## DATA FOR REVIEW
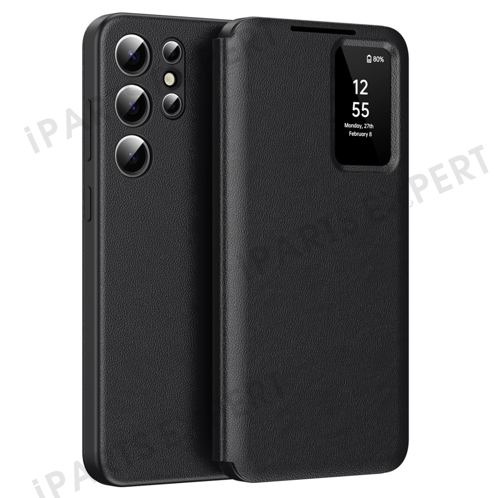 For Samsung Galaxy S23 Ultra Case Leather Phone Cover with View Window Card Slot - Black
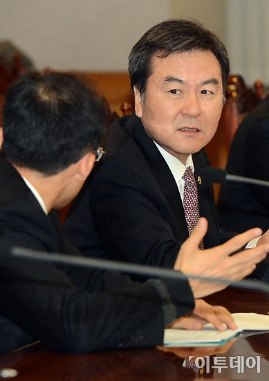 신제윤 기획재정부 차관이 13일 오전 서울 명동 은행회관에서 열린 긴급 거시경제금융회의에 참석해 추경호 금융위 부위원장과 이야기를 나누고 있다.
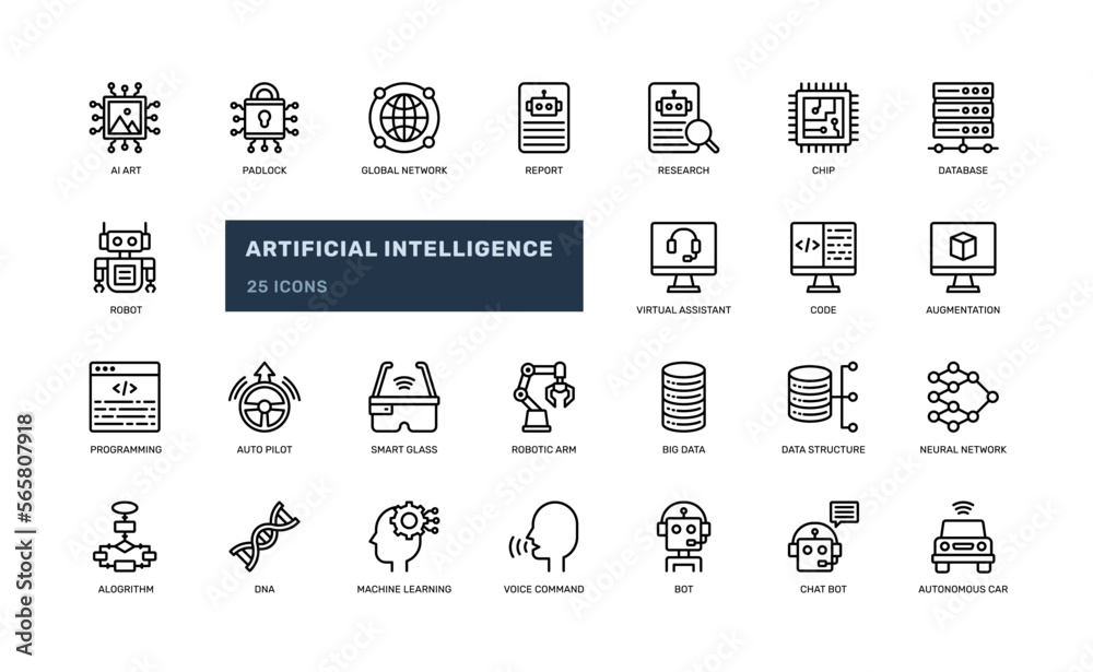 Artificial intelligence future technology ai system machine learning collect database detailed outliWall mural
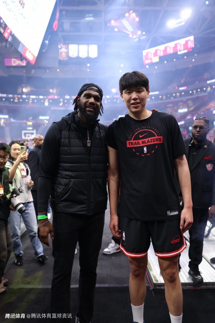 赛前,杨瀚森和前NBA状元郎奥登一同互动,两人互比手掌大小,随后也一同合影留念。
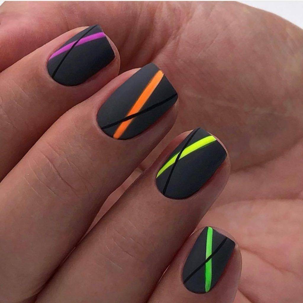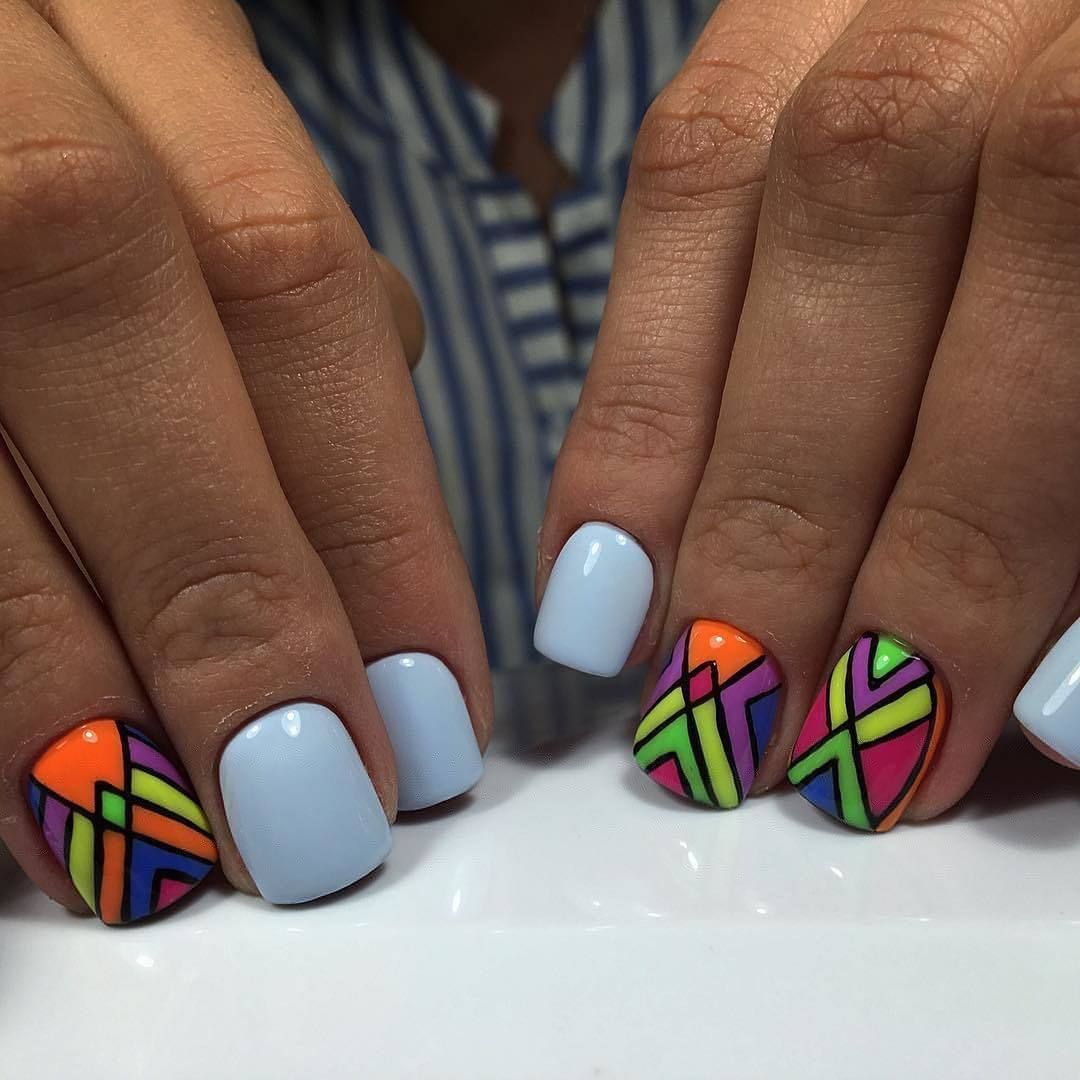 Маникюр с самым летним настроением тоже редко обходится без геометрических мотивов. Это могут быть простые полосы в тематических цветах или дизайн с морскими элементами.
...
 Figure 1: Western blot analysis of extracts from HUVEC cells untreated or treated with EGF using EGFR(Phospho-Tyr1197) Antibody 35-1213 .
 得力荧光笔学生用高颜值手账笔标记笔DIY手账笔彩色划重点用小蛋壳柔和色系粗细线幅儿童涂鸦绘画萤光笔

## THE TASK
From the listing above, please give again the lines that begin with the line holding "For Samsung Galaxy" and go on through the line holding "Маникюр с самым", exactly, both ends included, minus any picture.

## ANSWER TO THE PROBLEM
 For Samsung Galaxy S23 Ultra Case Leather Phone Cover with View Window Card Slot - Black
 신제윤 기획재정부 차관이 13일 오전 서울 명동 은행회관에서 열린 긴급 거시경제금융회의에 참석해 추경호 금융위 부위원장과 이야기를 나누고 있다.
 Artificial intelligence future technology ai system machine learning collect database detailed outliWall mural
 赛前,杨瀚森和前NBA状元郎奥登一同互动,两人互比手掌大小,随后也一同合影留念。
 Маникюр с самым летним настроением тоже редко обходится без геометрических мотивов. Это могут быть простые полосы в тематических цветах или дизайн с морскими элементами.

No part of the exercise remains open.